What it means: The app is restart-looping. Nginx is innocent; it can’t talk to something that can’t stay up.

Decision: Pull app logs and look for crash cause (config error, missing secret, OOM, migrations, dependency refusal).

Task 7: Look for OOM kills (classic 502 generator)

cr0x@server:~$ docker inspect app --format '{{json .State}}'
{"Status":"restarting","Running":false,"Paused":false,"Restarting":true,"OOMKilled":true,"Dead":false,"Pid":0,"ExitCode":137,"Error":"","StartedAt":"2026-01-03T10:11:42.020785322Z","FinishedAt":"2026-01-03T10:11:52.901123812Z","Health":null}

What it means: OOMKilled:true and exit code 137. The kernel killed the process. Nginx is just reporting the aftermath.

Decision: Add memory, lower workload, fix memory leak, or set sane limits and autoscaling. Also consider reducing Nginx buffering for huge responses only if you understand the tradeoffs.

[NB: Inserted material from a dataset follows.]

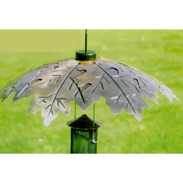 Vogels eten graag op een droge plek, beschut tegen regen, sneeuw en hagel. Dit schild van decoratieve metalen bladeren vormt een paraplu waaronder vogels droog en beschut kunnen eten. De mooie kap wordt geleverd met een sterke dubbele haak waarvan 1 haak bovenaan de kap voor bevestiging aan een tak of touw en 1 haak onder de kap voor de zadenvoedersilo, de pindahouder of het voederelement naar keuze.

Task 8: Correlate 502/504 spikes with container restarts in the Docker event stream

cr0x@server:~$ docker events --since 30m --filter container=app
2026-01-03T10:02:11.000000000Z container die 1f2a3b4c5d (exitCode=137, image=app:prod, name=app)
2026-01-03T10:02:12.000000000Z container start 1f2a3b4c5d (image=app:prod, name=app)
2026-01-03T10:11:52.000000000Z container die 1f2a3b4c5d (exitCode=137, image=app:prod, name=app)
2026-01-03T10:11:53.000000000Z container start 1f2a3b4c5d (image=app:prod, name=app)

What it means: The app died twice in 30 minutes. If your 502s align with these timestamps, you’ve got causality, not vibes.

Decision: Focus on why the app dies. Don’t tune Nginx timeouts; that’s not the problem.

Task 9: If it’s 504, log timings and verify where time is spent

cr0x@server:~$ docker exec -it nginx awk 'NR==1{print; exit}' /var/log/nginx/access.log
10.0.2.15 - - [03/Jan/2026:10:14:09 +0000] "GET /api/report HTTP/1.1" 504 564 "-" "curl/8.5.0" rt=60.001 uct=0.001 uht=60.000 urt=60.000 ua="172.19.0.5:8080" us="504"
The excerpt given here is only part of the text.